WHAT YOU WILL DO> Output the listing below verbatim, but drop the images.

INFORMATION SUPPLIED>

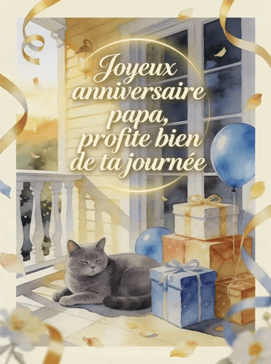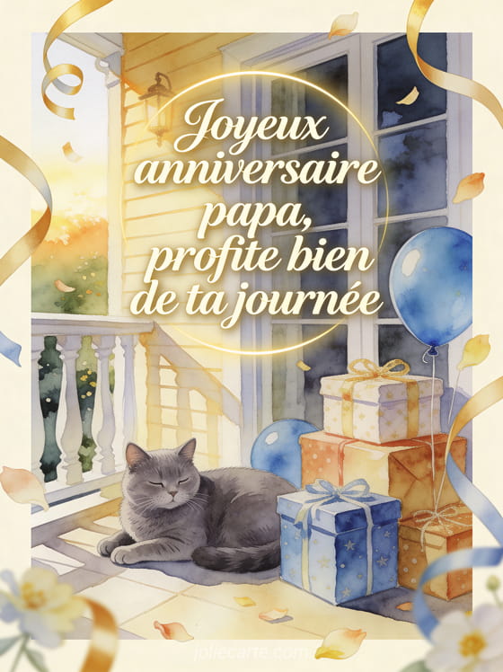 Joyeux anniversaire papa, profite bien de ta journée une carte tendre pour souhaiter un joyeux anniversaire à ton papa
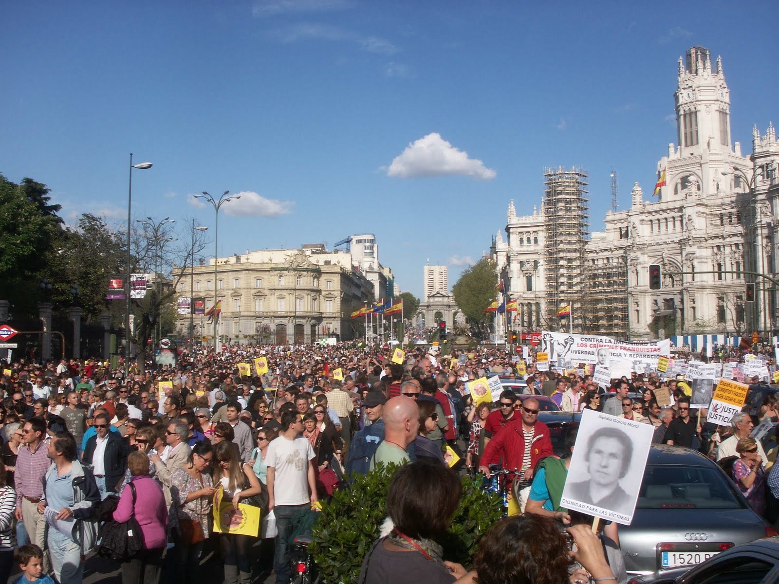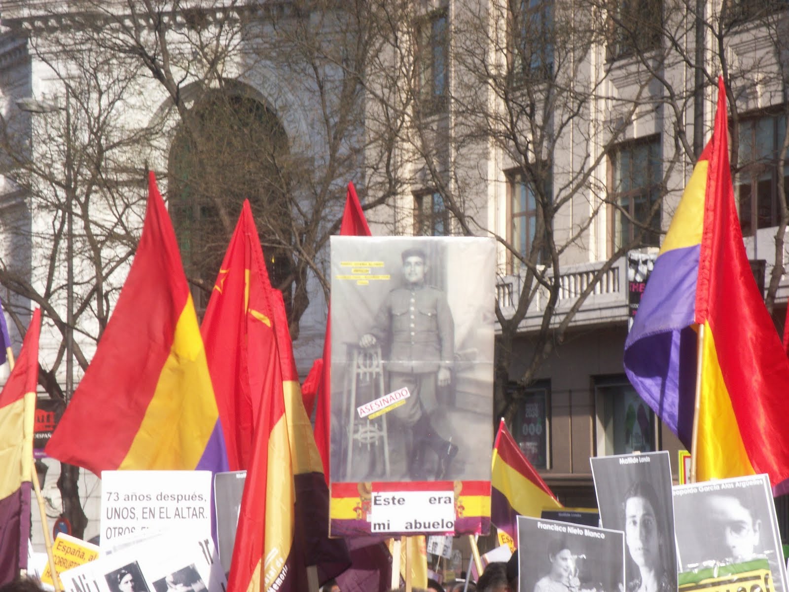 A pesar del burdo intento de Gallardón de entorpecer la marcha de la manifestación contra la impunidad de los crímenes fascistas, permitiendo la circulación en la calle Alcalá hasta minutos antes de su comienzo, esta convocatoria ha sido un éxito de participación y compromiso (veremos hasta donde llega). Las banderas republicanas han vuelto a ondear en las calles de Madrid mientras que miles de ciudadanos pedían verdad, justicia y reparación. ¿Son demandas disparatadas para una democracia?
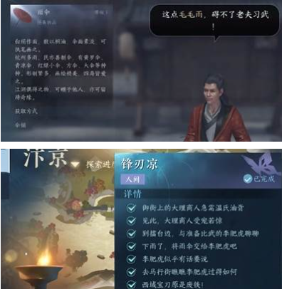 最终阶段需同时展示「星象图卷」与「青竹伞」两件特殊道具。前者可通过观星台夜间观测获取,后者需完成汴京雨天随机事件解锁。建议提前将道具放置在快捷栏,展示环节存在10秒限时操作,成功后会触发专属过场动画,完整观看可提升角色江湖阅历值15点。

ANSWER>
 Joyeux anniversaire papa, profite bien de ta journée une carte tendre pour souhaiter un joyeux anniversaire à ton papa
 A pesar del burdo intento de Gallardón de entorpecer la marcha de la manifestación contra la impunidad de los crímenes fascistas, permitiendo la circulación en la calle Alcalá hasta minutos antes de su comienzo, esta convocatoria ha sido un éxito de participación y compromiso (veremos hasta donde llega). Las banderas republicanas han vuelto a ondear en las calles de Madrid mientras que miles de ciudadanos pedían verdad, justicia y reparación. ¿Son demandas disparatadas para una democracia?
 最终阶段需同时展示「星象图卷」与「青竹伞」两件特殊道具。前者可通过观星台夜间观测获取,后者需完成汴京雨天随机事件解锁。建议提前将道具放置在快捷栏,展示环节存在10秒限时操作,成功后会触发专属过场动画,完整观看可提升角色江湖阅历值15点。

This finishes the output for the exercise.